Als Powerpointfan hat sich auch der MIT-Psychologe und Bestsellerautor Steven Pinker geoutet. Seine Begründung: "Ideen sind multidimensional. Es ist besser, zwei Sinneskanäle anzusprechen als nur einen."
->   Steven Pinkers Vorlesungen im WWW (Harvard Univ.)
Kritik: Denken wird eingeschränkt
Was die wissenschaftlichen Anwender allerdings irritieren sollte, ist das Verdikt von Clifford Nass: "Powerpoint ist sehr effizient, um Inhalte zu transportieren", so der Mediensoziologe, "doch der Prozess geht dabei verloren.

Die Professoren, die mir am stärksten in Erinnerung geblieben sind, haben mich an ihrem Denken teilhaben lassen." Ian Parker, der die Genannten für eine Reportage über Powerpoint im Magazin "New Yorker" interviewt hat, geht noch weiter: "Powerpoint schreibt uns vor, wie wir zu denken haben."
->   New Yorker: Absolute Powerpoint (Ohio State Univ.)
Komplexität unzulässig reduziert?
Einer der Kronzeugen der Anklage gegen Powerpoint ist der Informationswissenschaftler Edward Tufte.

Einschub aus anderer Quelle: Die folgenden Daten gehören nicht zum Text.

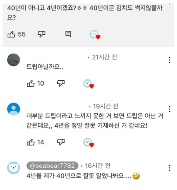 [흥미돋]이거 엄마가 40년된 묵은지 김치래요.jpg 작성자oouh|작성시간25.11.13|조회수77,652 목록 댓글 28 글자크기 작게가 글자크기 크게가 출처: 여성시대 oouh 다음검색 현재 게시글 추가 기능 열기 북마크 공유하기 신고 센터로 신고 댓글 댓글 28 댓글쓰기 답글쓰기 댓글 리스트 작성자클로드 코드 | 작성시간 25.11.13 개웃기다 ㅋㅋㅋㅋㅋㅋㅋ 작성자계절 틈에 잠시 피는 낯선꽃처럼 | 작성시간 25.11.13 씨간장처럼 가능한줄 알았뇌.. 작성자닼앝 | 작성시간 25.11.13 먹고 싶지 않아... 40년까지는... 작성자우짜라고 | 작성시간 25.11.13 말이되노 ㅅㅂ ㅋㅋㅋㅋㅋ 작성자사실뻥이야 | 작성시간 25.11.13 김치라 그럴수도 있겠다 했는데..ㅋㅋㅋㅋ 장은 그렇잖아여..ㅜㅜㅋㅋ 댓글 전체보기

In seinem Pamphlet "The Cognitive Style of Powerpoint" wirft der emeritierte Yaleprofessor dem Präsentationsprogramm vor, komplexe Sachverhalte auf simple Punkte zu reduzieren.

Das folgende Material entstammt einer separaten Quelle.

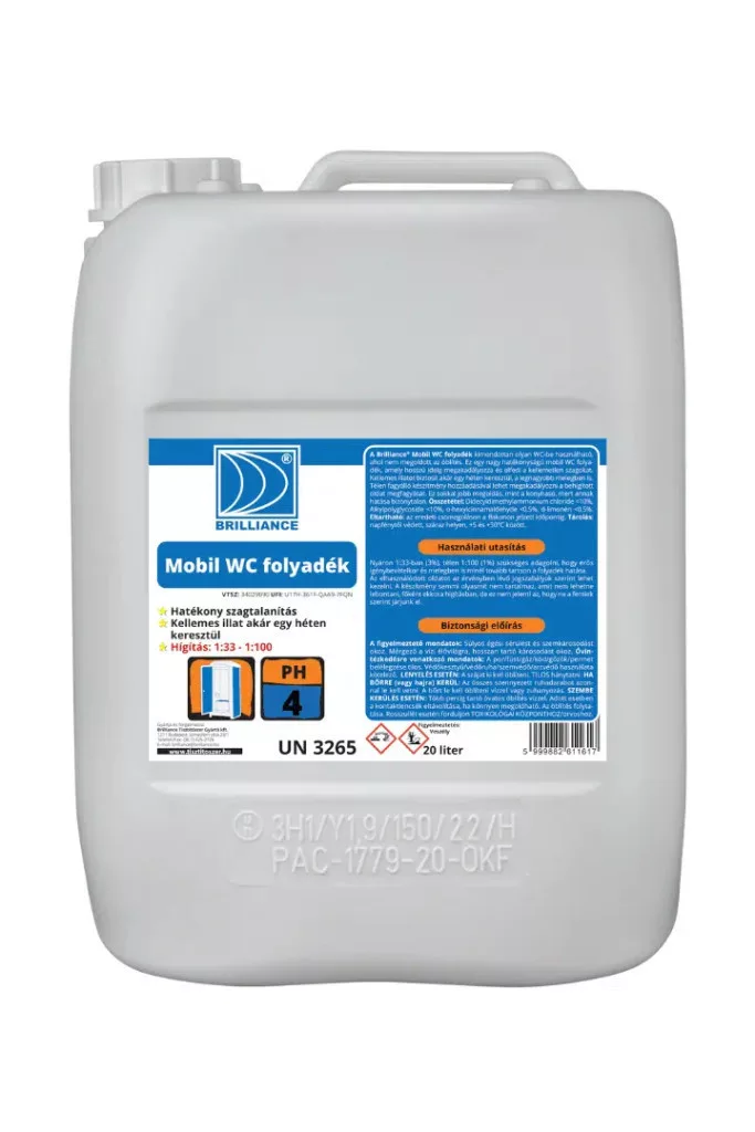 Brilliance® Mobil WC folyadék 1 literA Brilliance® Mobil WC folyadék kimondottan olyan WC-kben használható, ahol nem megoldott az öblítés. Ez egy nagy hatékonyságú fertőtlenítőszer, amely hosszú ideig megakadályozza a szerves anyagok bomlását, és elfedi azok kellemetlen szagát. Kellemes illatot biztosít akár egy héten keresztül, a legnagyobb melegben is. Télen fagyálló készítmény hozzáadásával lehet megakadályozni a behígított oldat megfagyását. Ez sokkal jobb megoldás, mint a konyhasó, mert annak hatása bizonytalan.

Die Informationsdichte der Folien sei zu gering, die Aufbereitung statistischer Daten meist irreführend. Und die Abfolge meist viel zu vieler Folien erlaube, die wirklich relevanten Probleme zu verstecken oder ganz zu übergehen.

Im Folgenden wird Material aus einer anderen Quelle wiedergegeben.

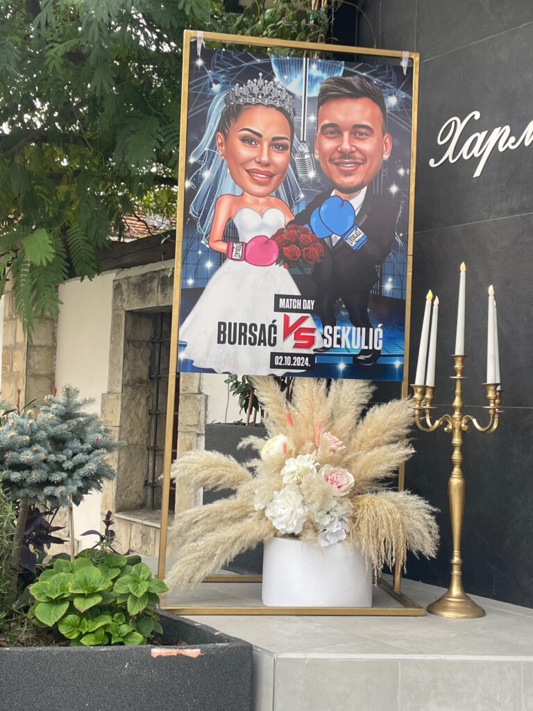 Ispred sale stoji specifičan plakat koji izgleda kao najava za meč. Dve karikature Aleksandre i Stevana predstavljaju njih kao mladu i mladoženju, ali sa bokserskim rukavicama.

->   Forum über Informationsgestaltung von Edward Tufte
Nur ein Werkzeug
Tuftes Kritikpunkte sind genau die, über die auch jene Lehrenden nachdenken sollten, die auf Powerpoint setzen. In seiner Verdammung des Programms gehe Tufte aber zu weit, findet Claus Noppeney. Powerpoint sei nur ein Werkzeug, das man mit oder ohne Sinn einsetzen kann: "Zu einer guten Präsentation gehört viel mehr."

Stefan Löffler, heureka
->   Zusammenfassung der Powerpoint-Kontroverse (Uni Giessen)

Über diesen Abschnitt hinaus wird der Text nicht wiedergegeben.